Before someone has an MRI scan, they should eat and take their usual medications as normal, unless their doctor says otherwise.
Once inside the exam room, the individual may need to put on a hospital gown. They will need to remove any items that might affect the magnetic imaging, such as:
- hearing aids
- bras with underwiring
Before the scan, a healthcare professional may inject a chemical substance called gadolinium through an intravenous line into a vein in a person's hand or arm.
Also called an MRI contrast media or dye, gadolinium improves the quality of the images and improves the diagnostic accuracy of the MRI.
An MRI machine is a long, narrow tube. The individual will lie down on a table that slides into the tube.

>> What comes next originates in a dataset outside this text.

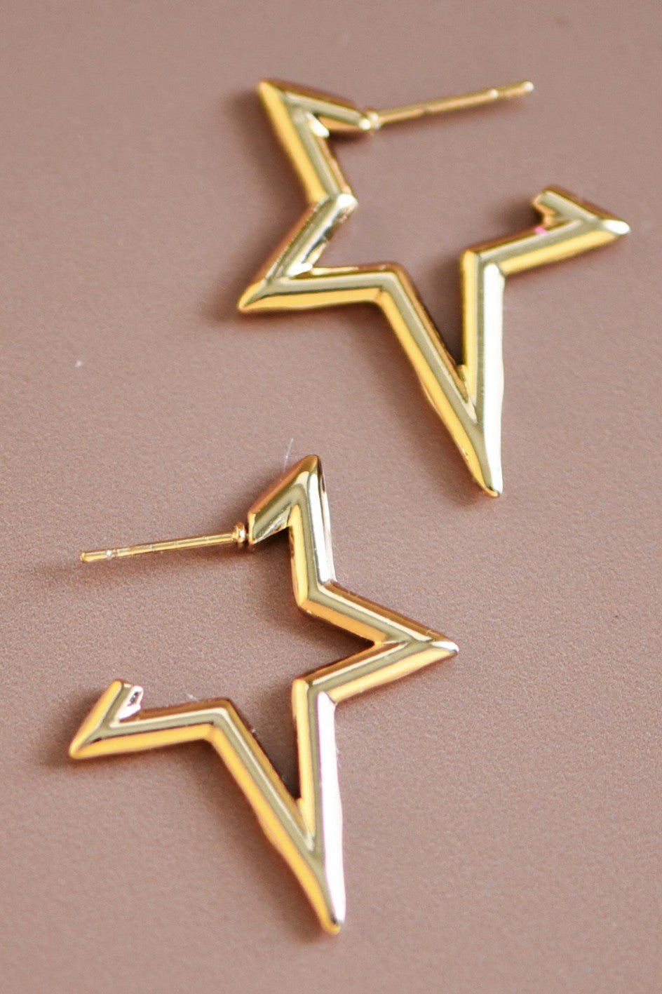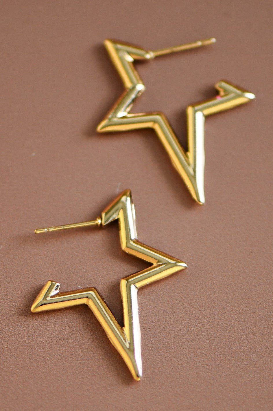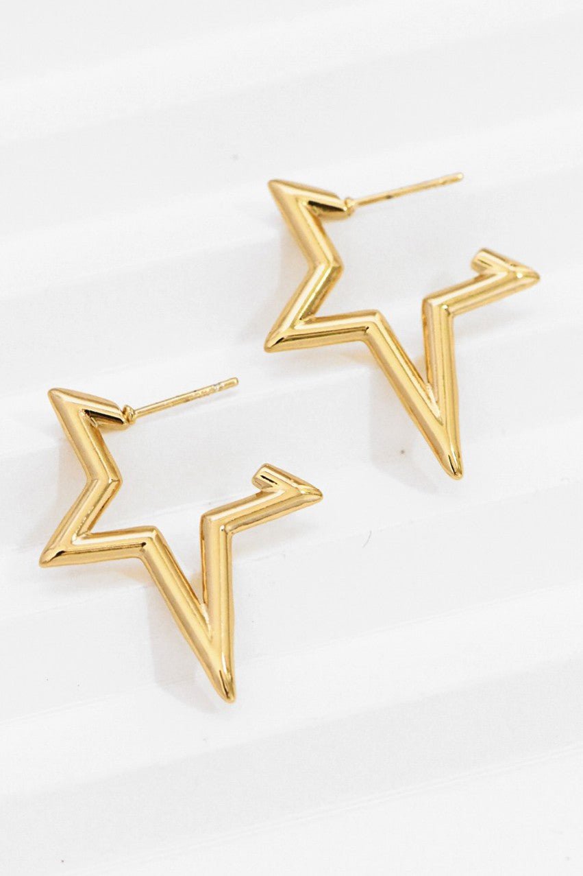 18K Gold Dipped Stainless Steel Star Hoop Earrings.

A technician will monitor the examination process from a separate room.
During the scan, the internal part of the magnet produces loud, repetitive noises, such as tapping and thumping. The technician may provide earplugs or music to help with blocking out the noise.

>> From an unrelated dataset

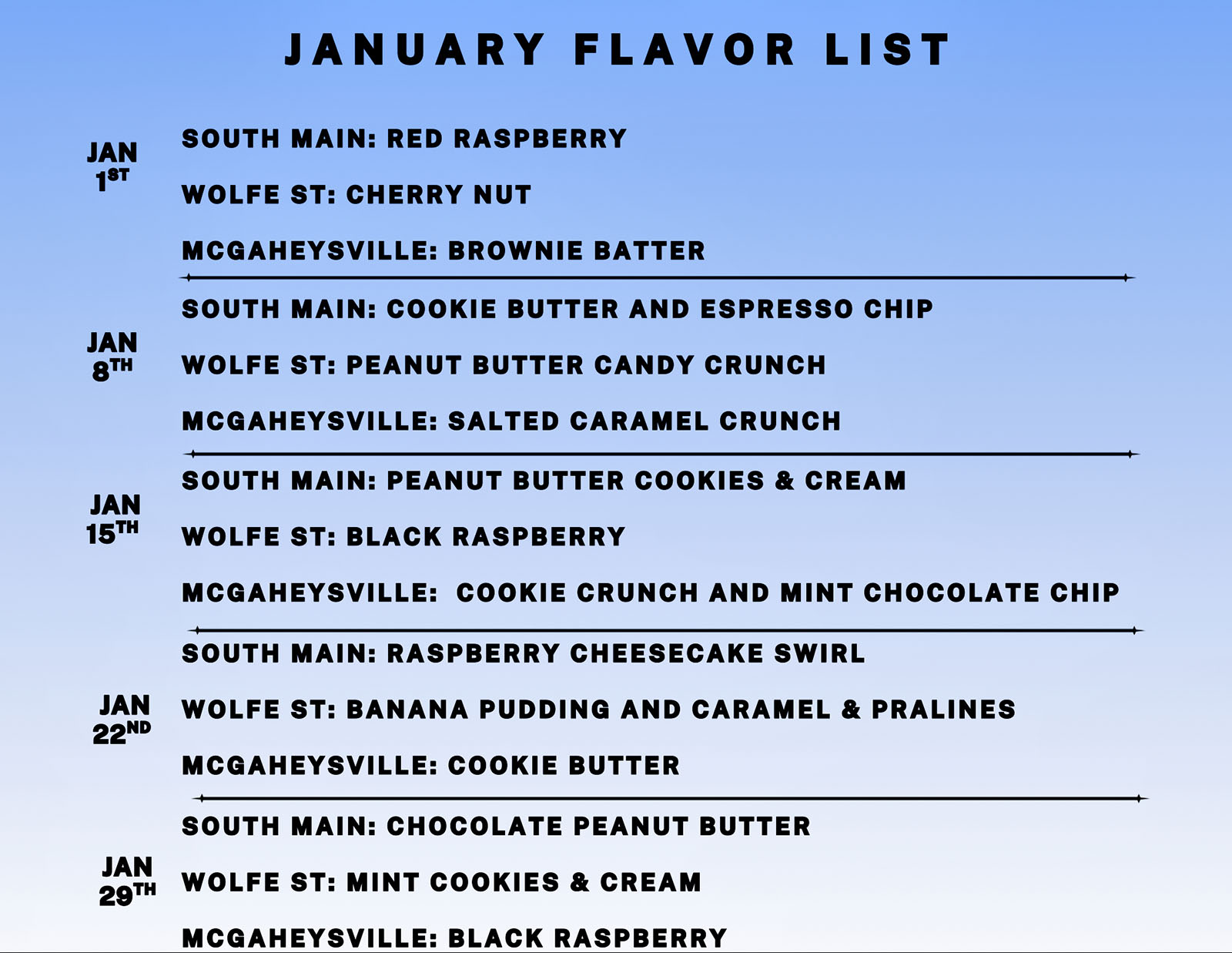 We may close during inclement weather. If so, closing information will be posted on our Facebook and Instagram accounts. Closed Thanksgiving, Christmas, and New Year’s Day.

There is currently no cure for MS. However, people who have the condition will have a similar life expectancy to people who do not. Life expectancy for people with MS has increased. This may be a result of better treatment, more accurate diagnostic tools, or lifestyle changes.
In many instances, MS significantly impacts a person's quality of life. MS treatment programs will focus on managing symptoms and speeding up recovery from relapses to make a person's life as comfortable as possible.
The severity and symptoms of MS vary from person to person. MS is very unpredictable, which means that people with MS do not always know when they will have a relapse or experience symptoms.
MS brain lesions, as captured by an MRI scan, can help a doctor determine the current status of the condition and how it might progress.
People with MS can manage their symptoms by supplementing their current treatments with stretching, light aerobic exercise, and dietary changes.